Vermont media conference points to collaboration, new models for local journalism’s future

Vermont media conference points to collaboration, new models for local journalism’s future

Journalists must collaborate as media outlets — especially small newspapers — continue transitioning to a digital world, said industry leaders at a UVM-hosted conference last week.

Seventy-five reporters, editors, community organizers and funders from across the state met in Burlington March 10 for the Vermont Journalism Conference. On their minds: Can Vermont buck national trends and ensure local journalism endures?

The event, the first held in several years, was hosted by UVM’s Community News Service and the Vermont Journalism Exchange. Attendees stressed that for local news outlets to survive, organizations need to be tech-savvy and work to share resources and expertise among themselves. 

“On our smartphone, every app is a competitor to our local journalism,” said Sarah Ashworth, senior vice president of content at Vermont Public Radio and Vermont PBS. “Our competitors aren't each other, necessarily.”

Conference-goers pointed out that small outfits need clarity on how to turn to the growing role of donations in supporting news organizations — as seen in the financial models of outlets like Seven Days, the Waterbury Roundabout and VTDigger.

The one-day conference came amid increasing anxieties about the decline of local journalism in Vermont. Between 2004 and 2020, according to a report from the University of North Carolina, seven newspapers in the state either shut down or merged operations. Over that same span the U.S. lost about a quarter of its newspapers, the report said.

Losing news outlets hurts communities, advocates believe.

Meg Little Reilly talking about why local news matters.

“Increased polarization and lack of trust happen when there is no local news source,” said Meg Little Reilly, deputy director of the Center for Research on Vermont, which oversees organizer Community News Service.

One suggestion was to build a statewide nonprofit called “Friends of Vermont Journalism” that would allow donors to make tax-deductible contributions to their local news media. According to Seven Days publisher Paula Routly, the organization is already in the works and the team around it is looking for an executive director.

“At Seven Days, we found a short-term solution,” Routly said. “The California-based Journalism Funding Partners, run by former newspaper people, has helped us outline three initiatives that qualify as charitable, and we've already had some fundraising success. But … the nonprofit doesn't have the capacity to work with other Vermont outlets. We need an organization that does.”

Some outlets around Vermont already use a hybrid business model of selling ads, receiving donations and winning grants. And increasingly news leaders are looking at the nonprofit sphere as a way forward.

Randy Holhut, an editor at The Commons newspaper in Windham County, explained that his organization began life in the mid-2000s with a nonprofit model in mind.

“The nonprofit status ensures us that there will be no hedge fund buying The Commons,” Holhut said. “There is nobody that can buy The Commons because nobody owns The Commons. We have a board of directors, but there is nothing to be bought or sold. So it really can be a community resource that will live past (editor and publisher) Jeff Potter.”

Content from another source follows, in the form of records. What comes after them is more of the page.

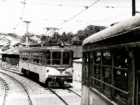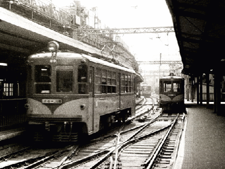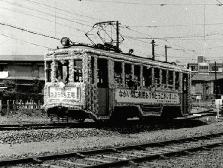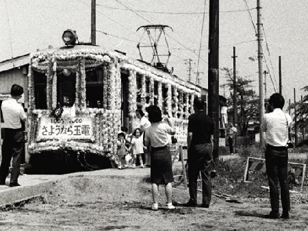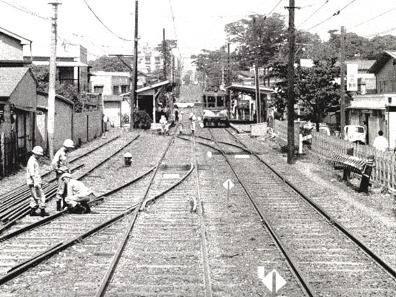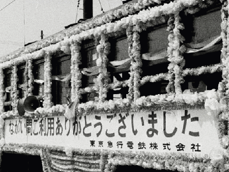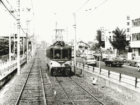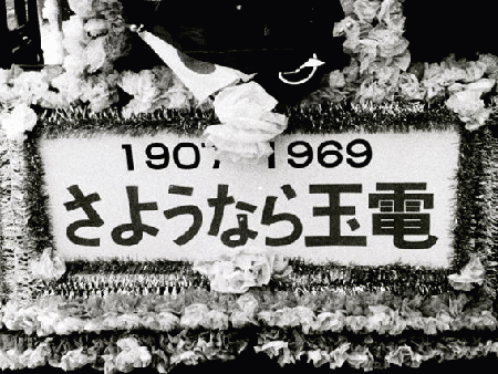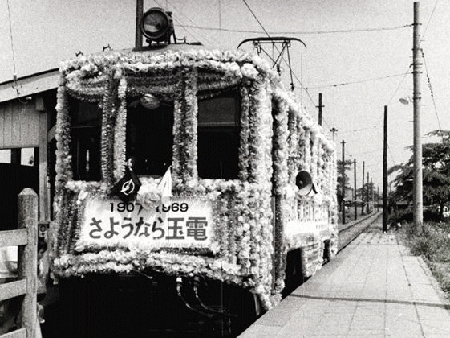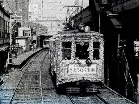 東急・玉川線は明治40年(1907年)に玉川電気鉄道が二子多摩川付近の砂利を東京都心に輸送することを主目的として、渋谷〜玉川 9.1km を開業したのが始まりである。支線である砧(きぬた)線は大正13年(1924年)玉川〜砧(のちの砧本村) 2.2km / 下高井戸線は大正14年(1925年)三軒茶屋〜下高井戸 5km が開業している。 昭和13年(1938年)東京横浜電鉄に合併された。 昭和44年(1969年)5月10日、東急電鉄・玉川線 / 砧線が廃止になった。廃止までの3日間、花電車が運転されていた。 |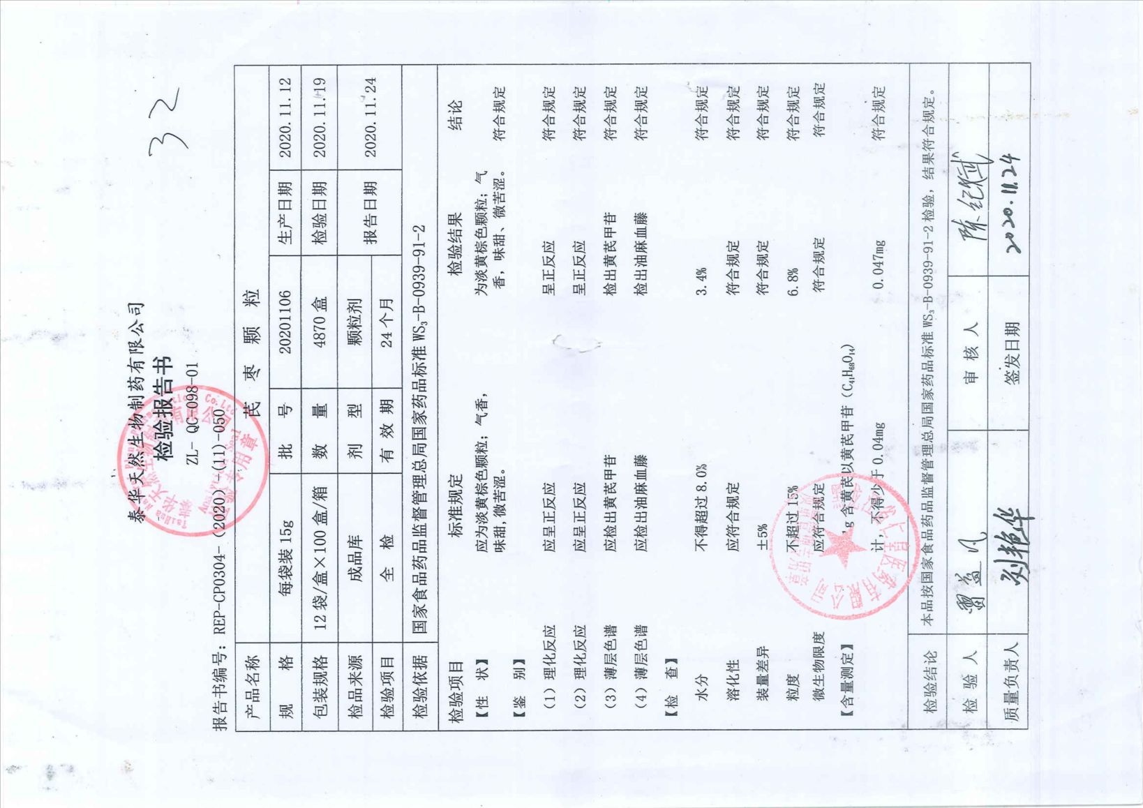 芪枣颗粒202011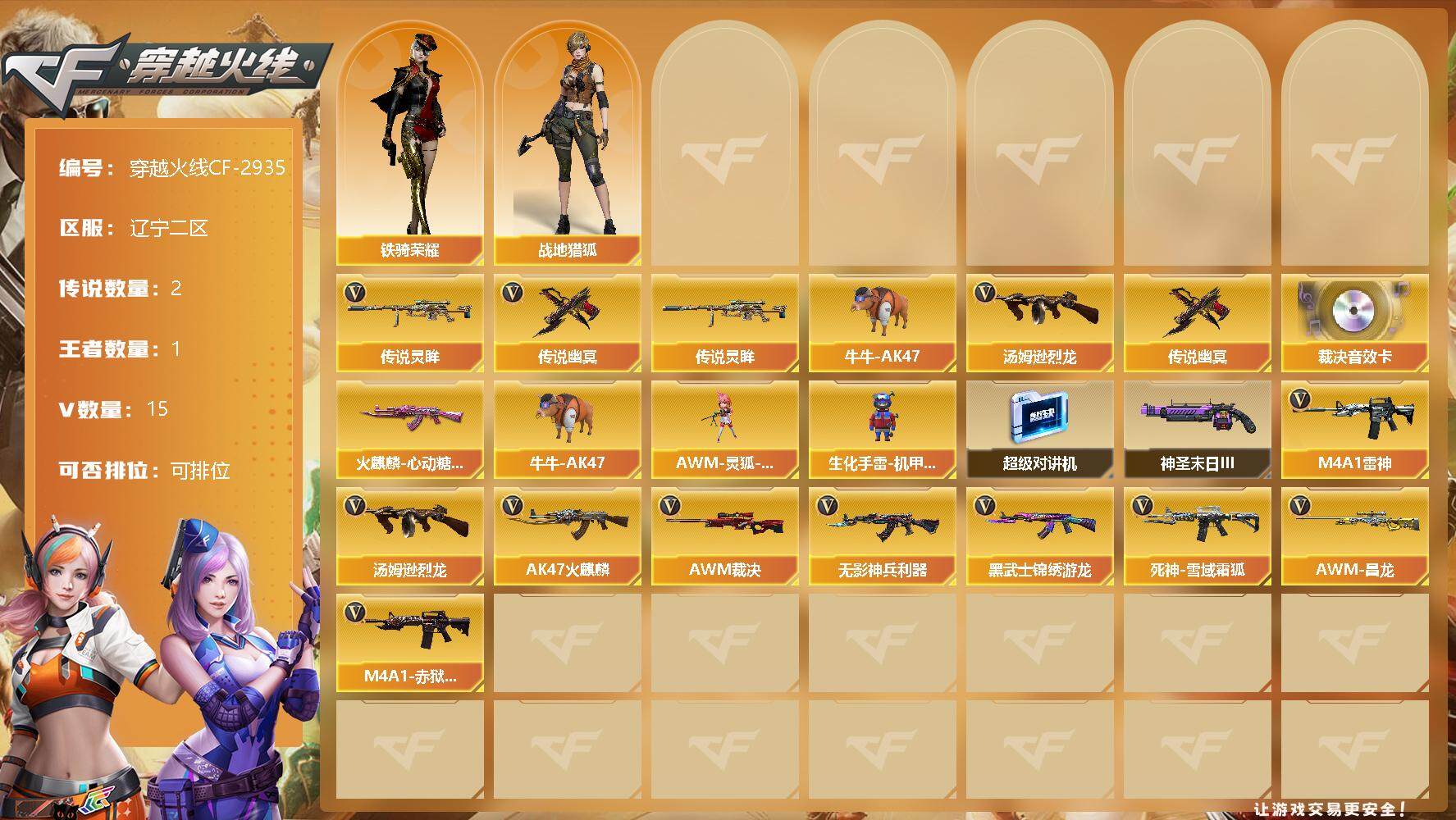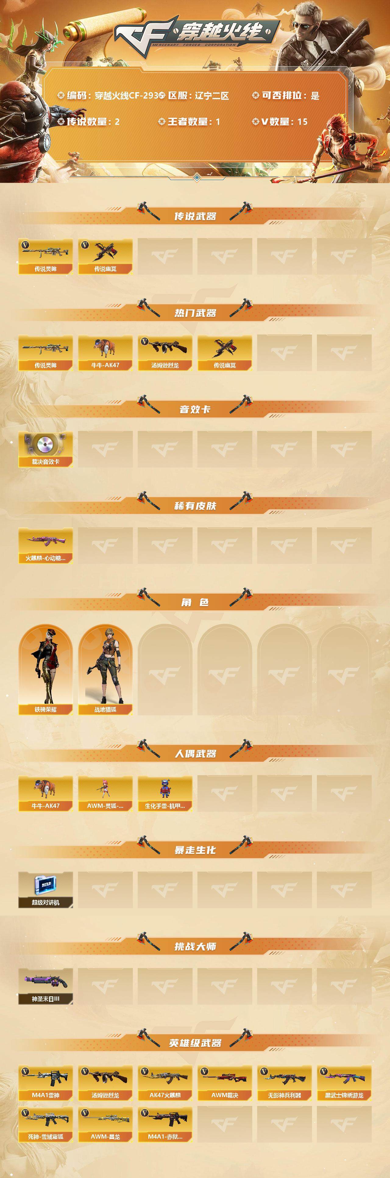 [12946708]辽宁二区-15V-1王者-0炫金 【传说武器】:传说灵眸,传说幽冥 【热门武器】:传说灵眸,传说幽冥,牛牛-AK47,汤姆逊-烈龙 【音效卡】:AWM-裁决音效卡 【稀有皮肤】:火麒麟-心动糖果 【角色】:战地猎狐,铁骑荣耀 【人偶武器】:AWM-灵狐-15周年嘉年华*2,牛牛-AK47,生化手雷-机甲核心 【暴走生化】:超级对讲机 【挑战大师】:神圣爆裂者-末日III 【英雄级武器】:无影-神兵利器,M4A1-雷神,汤姆逊-烈龙,AK47-火麒麟,AWM-裁决,黑武士-锦绣游龙,死神-雪域霜狐,AWM-昌龙,M4A1-赤狱骑士 【特殊枪械】:1烈龙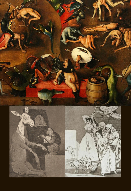 Иероним Босх и Франсиско Гойя — мастера, жившие в разные эпохи, но одинаково сильно проявлявшие интерес к человеческой «внутренности». Оба художника создавали произведения, которые впоследствии стали знаковыми для своего времени. Художественные творения сохраняют свою притягательность и в настоящий момент, приковывая взгляд современного зрителя своей мрачной символикой и смелым изображением темных сторон человеческой натуры.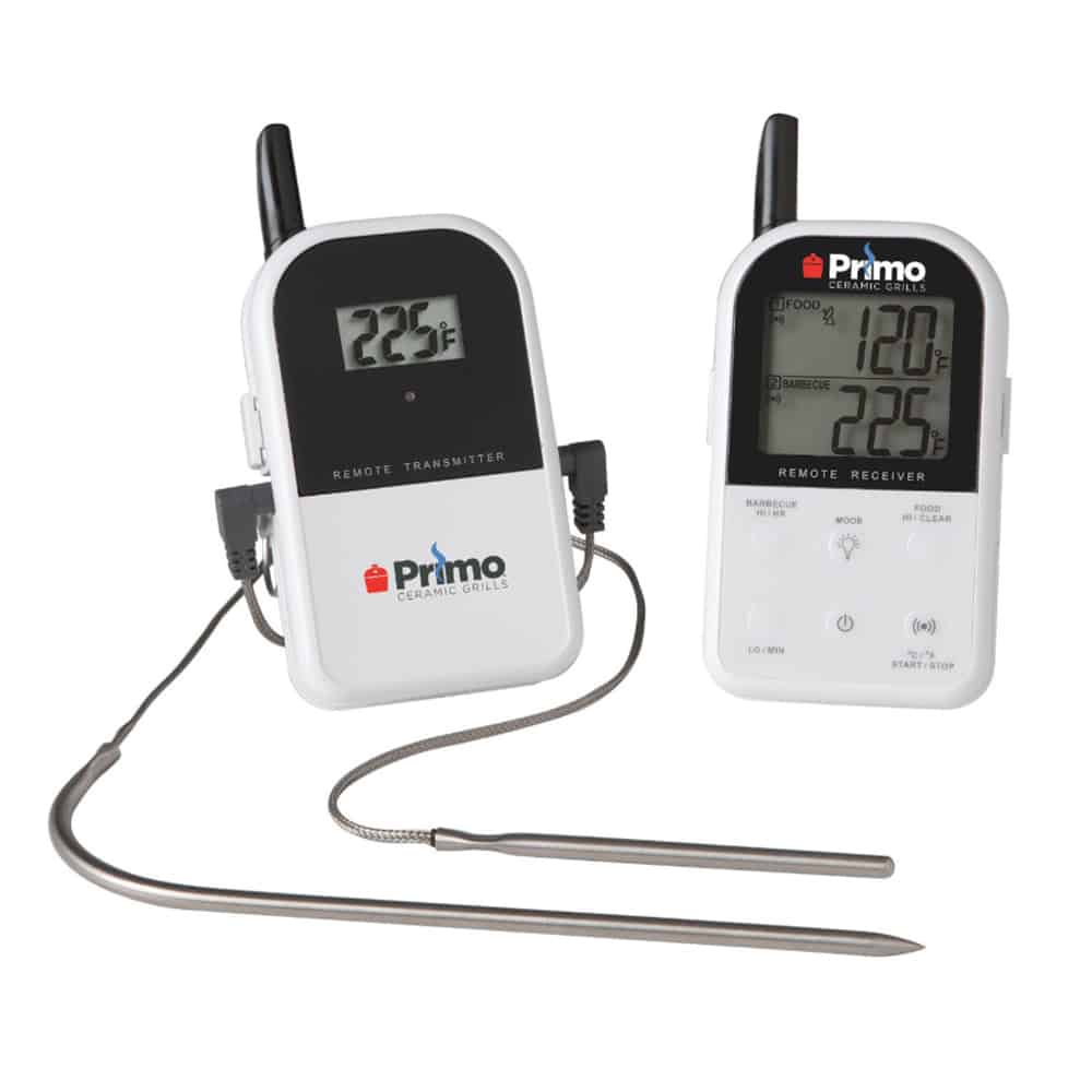 The Primo Digital Remote BBQ Thermometer will help to ensure that your food and grill are at the appropriate temperature at all times. Featuring a base and wireless receiver, this unit provides accurate temperature readings from up to 300 feet away. By placing one heat-resistant probe wire inside your Primo Grill and the other probe into the meat, you can monitor the dome temperature as well as the internal temperature of the meat. The wireless receiver with LCD screen beeps and flashes when meat or temperature goes above your programmed temperature. This Primo Thermometer also features a Count-Up & Count-Down timer and a backlight for use at night. The receiver has a belt clip and a built-in stand for keeping a close eye on your meal. The transmitter has a removable wire stand that also becomes a hanger that can be used with your grill. A special smoking chamber probe wire comes with a clip to attach to the grill rack. (4 AAA batteries included)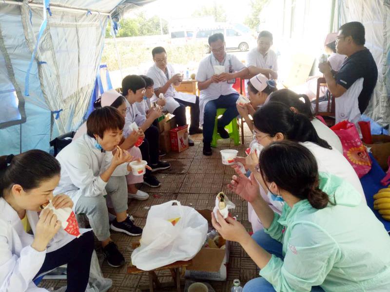 接近中午1时,医疗志愿者才开始吃饭。吃饭那一刻很安静,因为他们已经没有太多力气说话了。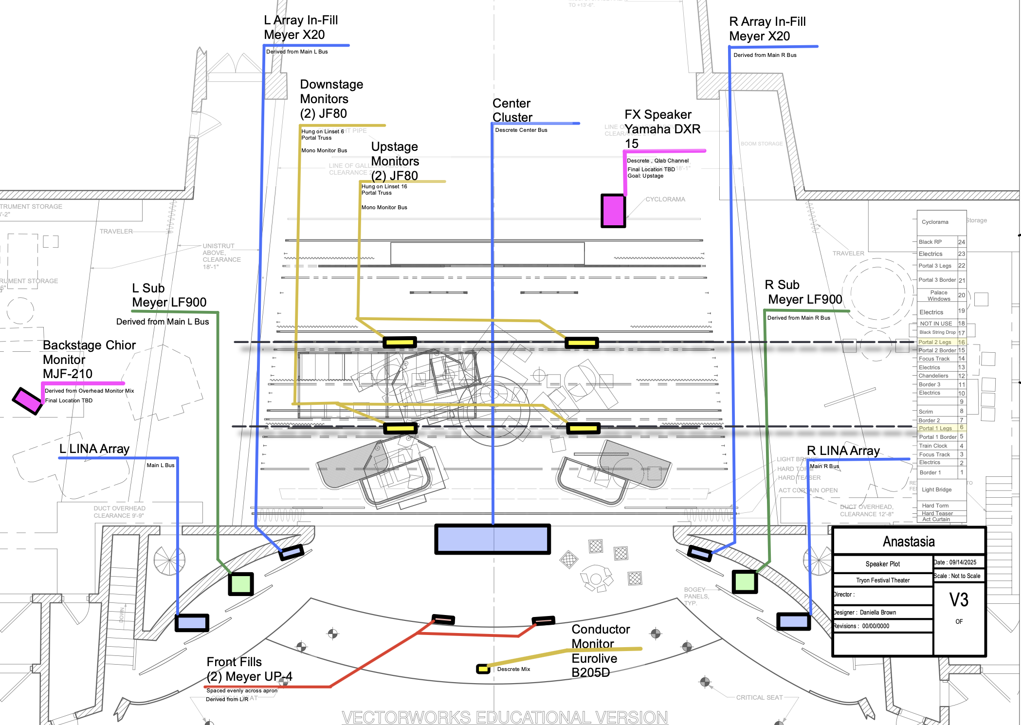 In Anastasia:We transport audiences from the twilight of the Russian Empire to the vibrant streets of 1920s Paris. Anya, a spirited young woman with a mysterious past, embarks on an adventure to uncover her true identity. My Design was focused on exaggerating the band and performers to create a magical feeling.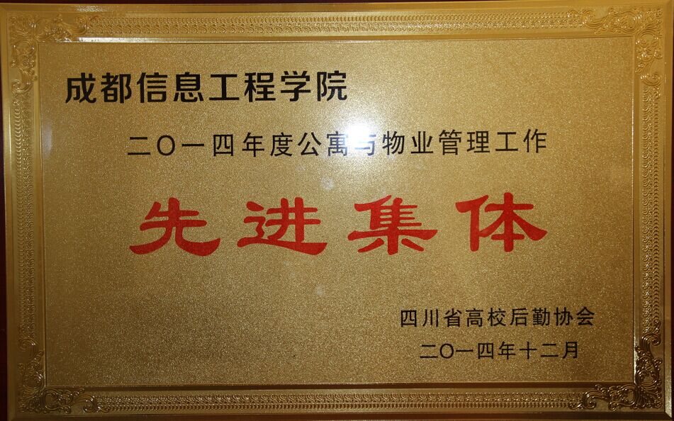 协会对2014年度先进集体及个人进行了表彰。我院后勤服务公司学生公寓管理中心荣获2014年度四川省高校学生公寓管理与物业管理工作“先进集体”称号,郭英姿、吴光烈同志获2014年四川省学生公寓管理与物业管理工作“先进个人”;饮食服务中心荣获2014年度四川省高校伙食工作 “先进集体”称号,胡昌学、刘畅同志获2014年度四川省高校伙食工作“先进个人”。

These days, small news outlets often lack the resources or people power needed to support time-consuming investigations — the kind of work that shows best the service local media can provide. 

Local Vermont newspapers.

So journalists are turning toward collaboration more and more. By pooling funds and sharing work, news outlets can make up for individual outlets’ lacking resources.

Melanie Plenda, director of the Granite State News Collaborative in New Hampshire, told attendees how her group of 20 media outlets worked to tell stories during the Covid-19 pandemic and address the public’s urgent need for information. 

“None of us were going to be able on our own to cover the pandemic and get people what they needed,” Plenda said. “So we needed to work together in order to do that. So we set up a system for communicating with each other. We set up a system for sharing stories with each other. And then the collaborative itself has a team of freelance investigative reporters that fill in the gaps.”

Over the last 18 months, the group has cross-published more than 3,000 stories in outlets across New Hampshire, with more than 600 of those pieces coming from the collaborative itself, Plenda said.

That type of philosophy is underway in Vermont through Community News Service, which pairs student journalists with small newspapers statewide to provide outlets free articles.

Front Porch Forum co-founder Michael Wood-Lewis also talked about ways his organization, which is not journalistic in nature, can help news groups.

“I'm thrilled that so many journalists use our free service to connect with their communities,” Wood-Lewis said. “We see every day reporters using Front Porch Forum … (It) is often a source in local news stories.”

He also emphasized the local social media platform’s reach in the state — which could turn folks toward news sources as they read and learn about issues in their communities.

Looking ahead, the Center for Research on Vermont is publishing a report on the conference to lay out ways to bolster the state’s news ecosystem. The center hopes to make recommendations in the coming weeks, help facilitate new partnerships among attendees and reconvene the group to continue working.